• **Exercise prompt**:
For the records below, please print exactly and only the lines from the one with "1、海量活动场景,放置式武侠冒险探索方式,全新武侠玩法和内容" down to the one with "Home > > France", both ends included, omitting the pictures.

*** Opening of Provided material ***

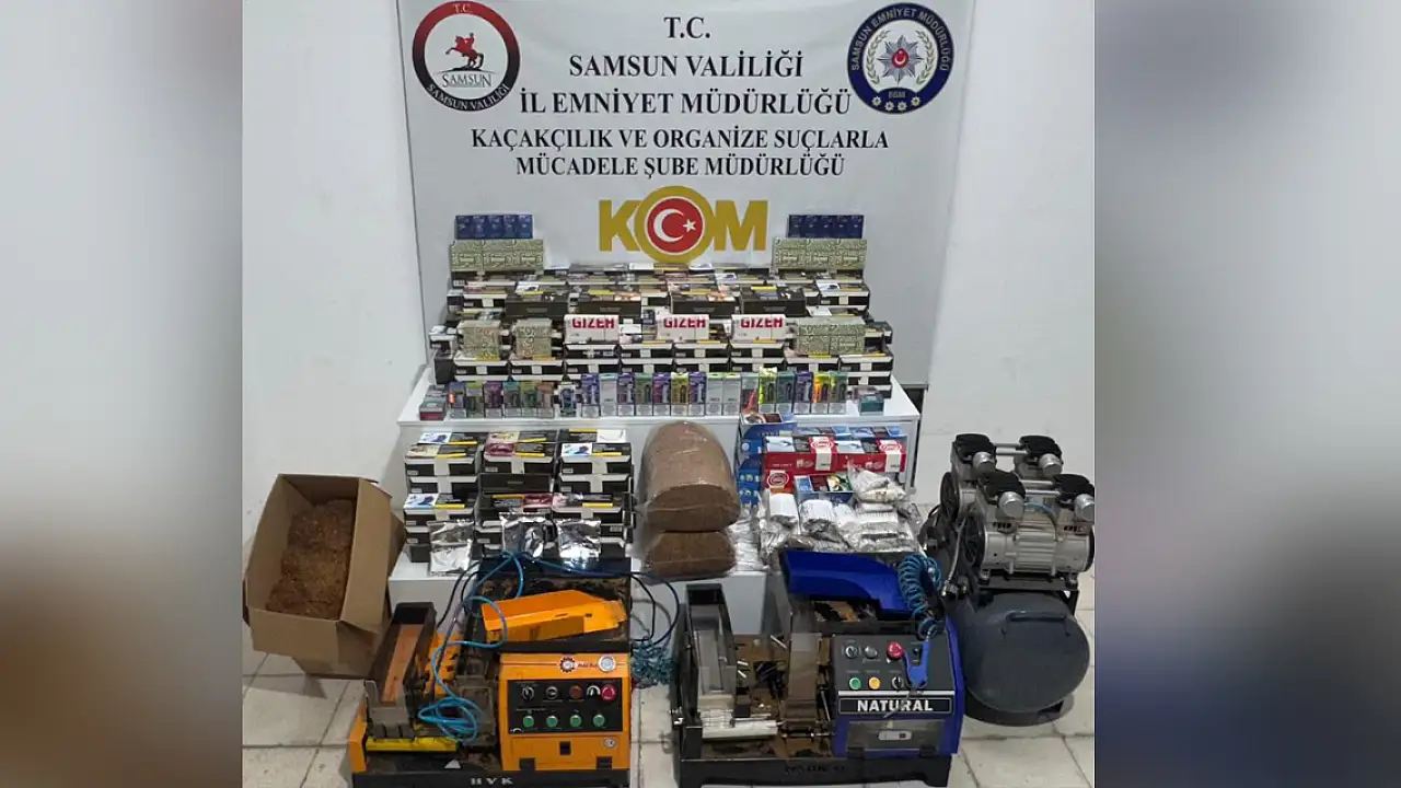 Alınan bilgiye göre, İl Emniyet Müdürlüğü Kaçakçılık ve Organize Suçlarla Mücadele (KOM) ile Narkotik Suçlarla Mücadele (NSM) Şube Müdürlüklerince, kaçakçılıkla mücadele kapsamında Atakum ve İlkadım ilçelerinde operasyon düzenledi. Yapılan çalışmalarda, 2 adet otomatik elektrikli sigara sarma makinesi, 1 adet kompresör, 48 bin 500 adet makaron sigara, 24 bin 800 adet kaçak makaron, 14 bin 160 adet kaçak sigara sarma kağıdı, 40 paket gümrük kaçağı sigara, 23 adet gümrük kaçağı elektronik sigara, 25 kilo kaçak tütün ve 1,5 kilo gümrük kaçağı nargile tütünü ele geçirildi. Operasyon kapsamında 4 şahıs yakalanarak haklarında adli işlem başlatıldı.
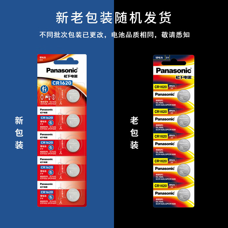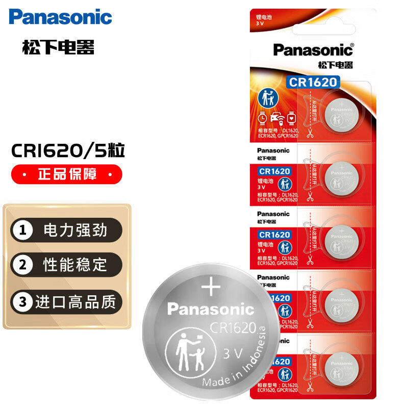 松下(Panasonic)CR1620进口纽扣电池电子3V适用马自达世嘉标致汽车钥匙遥控器CR1620 五粒
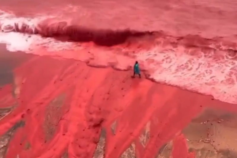 据悉,这种颜色来源于岛上富含氧化铁的土壤,这也是该岛的自然特征。该岛以此独特的地质而闻名。暴雨期间,土壤被冲入大海,将海水染成红色。
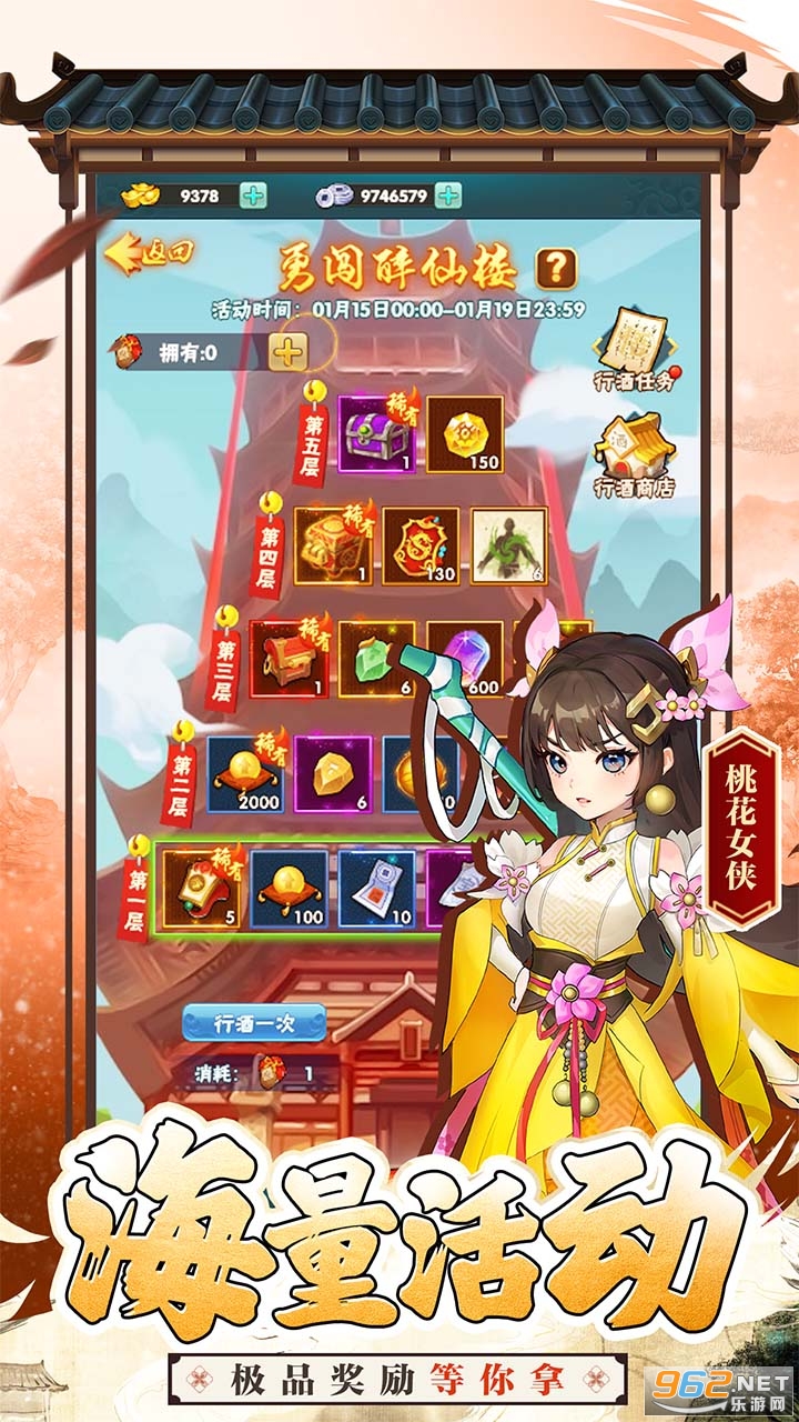 1、海量活动场景,放置式武侠冒险探索方式,全新武侠玩法和内容
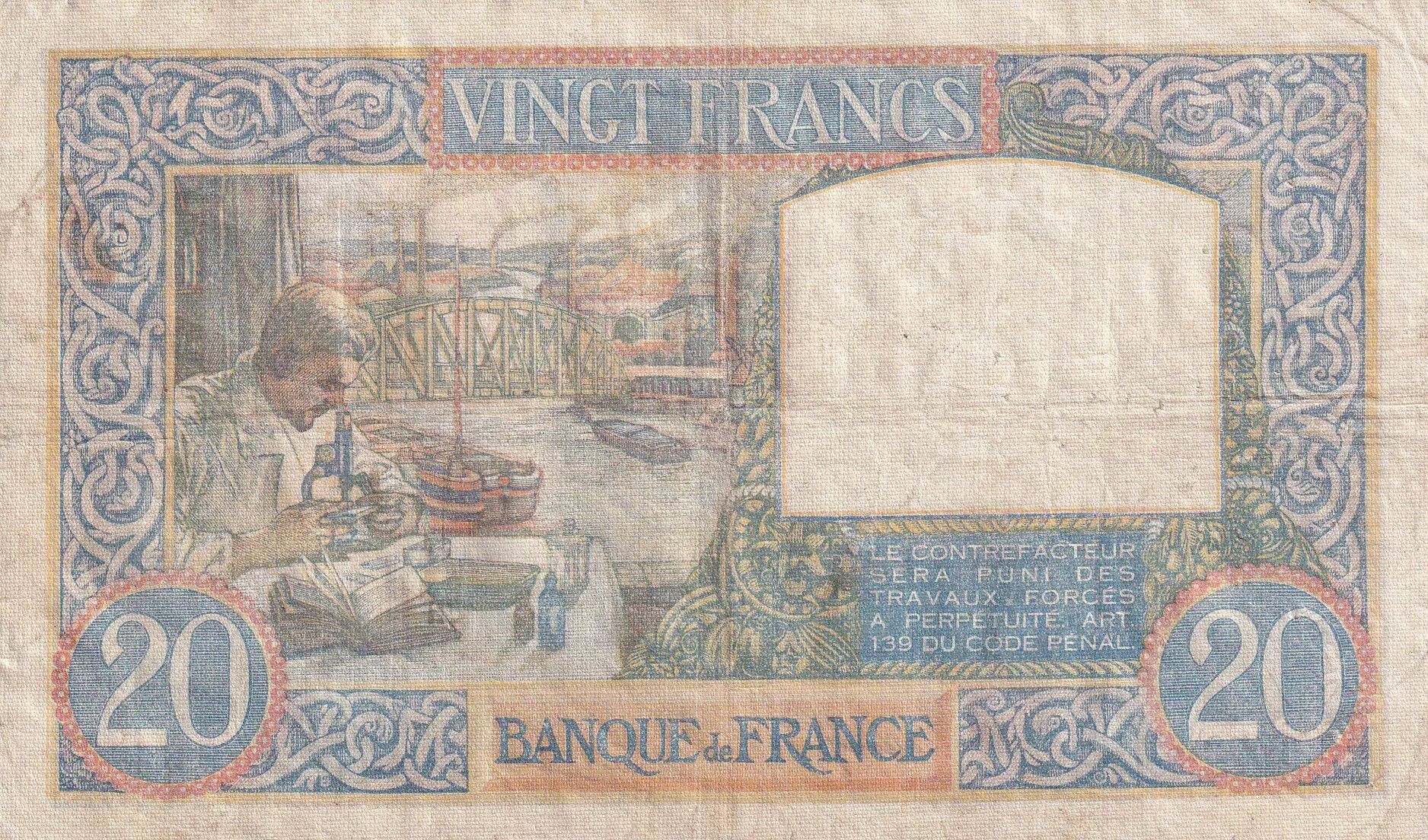 Home > > France 20 Francs - Science and Industry - 04-12-1941 - Serial G.6752 - P.92
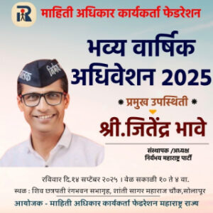 बीड — माहिती अधिकार कार्यकर्ता महासंघ (फेडरेशन) ही महाराष्ट्रातील ही जागरूक नागरीकांची व माहिती अधिकार कार्यकर्त्यांची सर्वात मोठी संघटना असुन महासंघाचे राज्यव्यापी अधिवेशन दि.१४ सप्टेंबर २०२५ रोजी सकाळी १० वाजतापासुन ते सायंकाळी ४ पर्यंत शिव छत्रपती रंगभवन ,शांतीसागर महाराज चौक ,सोलापुर येथे आयोजित केले आहे.या अधिवेशनासाठी राज्याच्या ३५ जिल्ह्यातुन सुमारे पाचशेच्या वर कार्यकर्ते उपस्थित राहतील असा विश्वास माहिती आधिकार कार्यकर्ता महासंघ फेडरेशनचे संस्थापक अध्यक्ष सुभाष बसवेकर यांनी व्यक्त केला आहे. या अधिवेशनात मोठ्या संख्येने सहभागी व्हावे असे आवाहन मुख्य प्रचार प्रमुख बीड जिल्हा माहिती अधिकारी कार्यकर्ता महासंघ चे डॉ.गणेश ढवळे लिंबागणेशकर यांनी केले आहे.
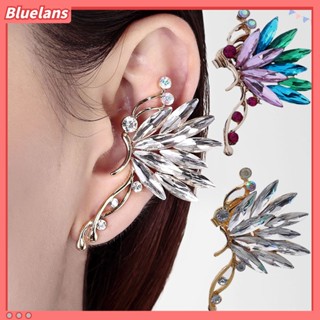 1 Pc Anting Klip Telinga Bentuk Kupu-Kupu Aksen Kristal Tiruan Shiny Warna-Warni Untuk Pengantin
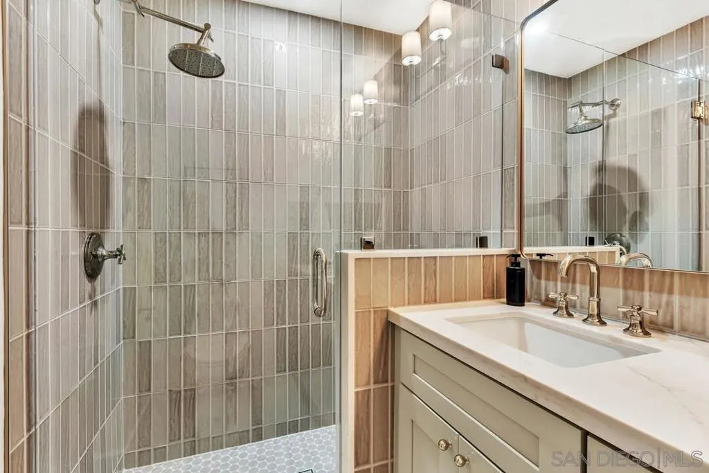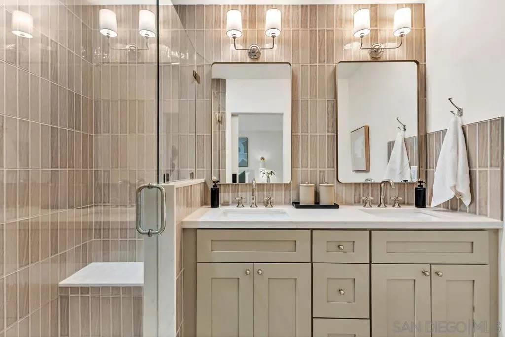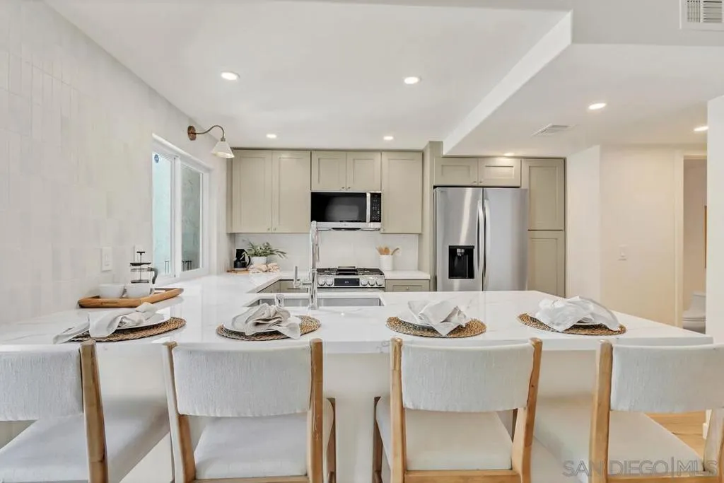 Live the coastal dream in this stunningly renovated 3-bed, 2.5-bath townhome. Tucked away west of the 5 in the desirable Del Mar Downs community, this residence is the perfect blend of modern luxury and beachside living. Step inside to a home completely transformed with high-end finishes, including White Oak engineered floors, new cabinetry, and Quartz counters. The redesigned kitchen features premium stainless-steel appliances and a gas cooktop with a griddle. Other upgrades include beautifully renovated bathrooms, updated plumbing, polished nickel hardware, and designer lighting. The primary bedroom is a serene sanctuary with a walk-in closet and a spa-like en-suite bath with dual sinks. From the secondary bedrooms, step out onto a private balcony for views of the community greenbelt and the Del Mar Racetrack. A new fireplace surround adds a stylish touch to the living room, while the private patio with a fire pit is ideal for enjoying the ocean air. The property includes a one-car garage with storage and a second assigned parking spot. Enjoy resort-style living with a community pool. You’re just moments from the Del Mar Racetrack, Cedros Avenue’s cultural hub, Annie’s Canyon Trail, Fletcher Cove, Tide Beach, Entertainment, Fine Dining and Nightlife to complete this coastal lifestyle.

*** Close of Provided material ***

• **Answer box**:
 1、海量活动场景,放置式武侠冒险探索方式,全新武侠玩法和内容
 Home > > France 20 Francs - Science and Industry - 04-12-1941 - Serial G.6752 - P.92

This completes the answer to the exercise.